• **Dataset records**:
————————

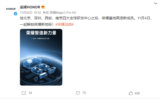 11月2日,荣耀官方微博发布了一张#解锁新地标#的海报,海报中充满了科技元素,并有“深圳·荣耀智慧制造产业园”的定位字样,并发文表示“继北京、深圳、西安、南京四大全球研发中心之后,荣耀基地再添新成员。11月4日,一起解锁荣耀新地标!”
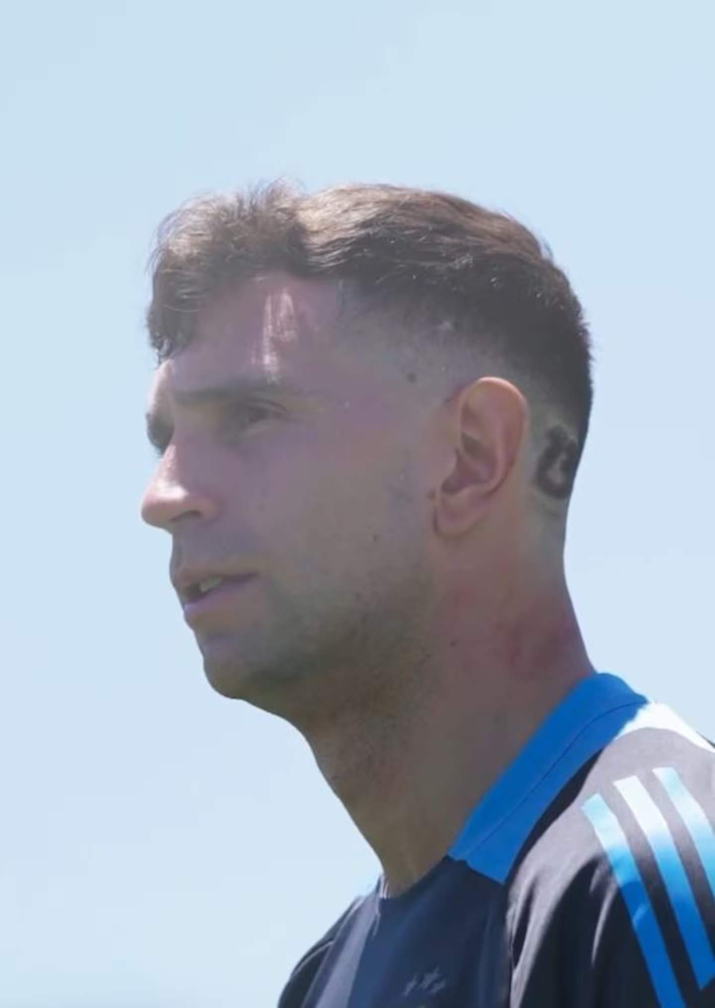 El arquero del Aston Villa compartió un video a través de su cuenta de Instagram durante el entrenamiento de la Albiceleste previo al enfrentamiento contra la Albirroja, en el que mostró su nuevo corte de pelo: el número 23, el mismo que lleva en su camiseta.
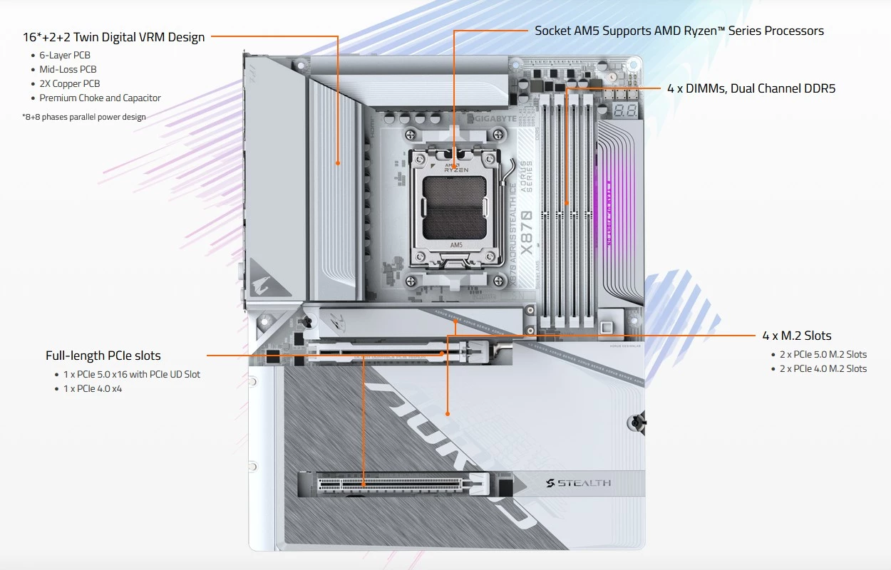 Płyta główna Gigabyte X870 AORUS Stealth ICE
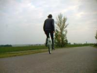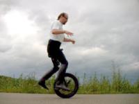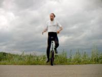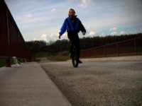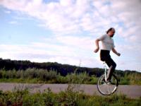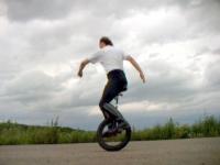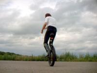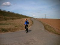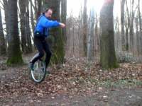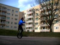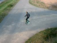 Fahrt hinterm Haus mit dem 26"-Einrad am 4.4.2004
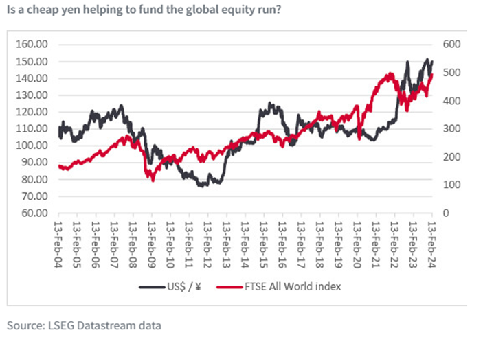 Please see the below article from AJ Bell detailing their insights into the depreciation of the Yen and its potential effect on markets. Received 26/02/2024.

————————

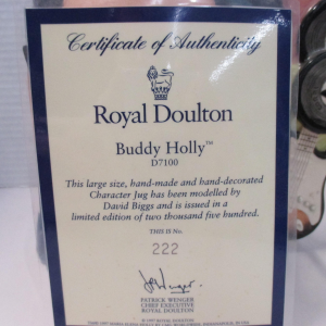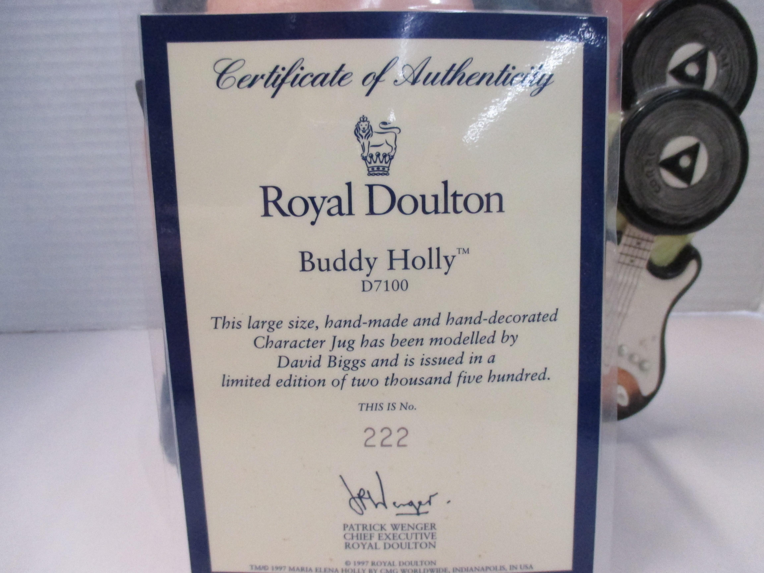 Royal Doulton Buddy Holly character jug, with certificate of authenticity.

————————

• **Work instructions**:
Using the records above, print exactly the run of lines that starts with the line with "11月2日,荣耀官方微博发布" and goes on through the line with "Please see the", pictures excluded.

• **Finished task**:
 11月2日,荣耀官方微博发布了一张#解锁新地标#的海报,海报中充满了科技元素,并有“深圳·荣耀智慧制造产业园”的定位字样,并发文表示“继北京、深圳、西安、南京四大全球研发中心之后,荣耀基地再添新成员。11月4日,一起解锁荣耀新地标!”
 El arquero del Aston Villa compartió un video a través de su cuenta de Instagram durante el entrenamiento de la Albiceleste previo al enfrentamiento contra la Albirroja, en el que mostró su nuevo corte de pelo: el número 23, el mismo que lleva en su camiseta.
 Płyta główna Gigabyte X870 AORUS Stealth ICE
 Fahrt hinterm Haus mit dem 26"-Einrad am 4.4.2004
 Please see the below article from AJ Bell detailing their insights into the depreciation of the Yen and its potential effect on markets. Received 26/02/2024.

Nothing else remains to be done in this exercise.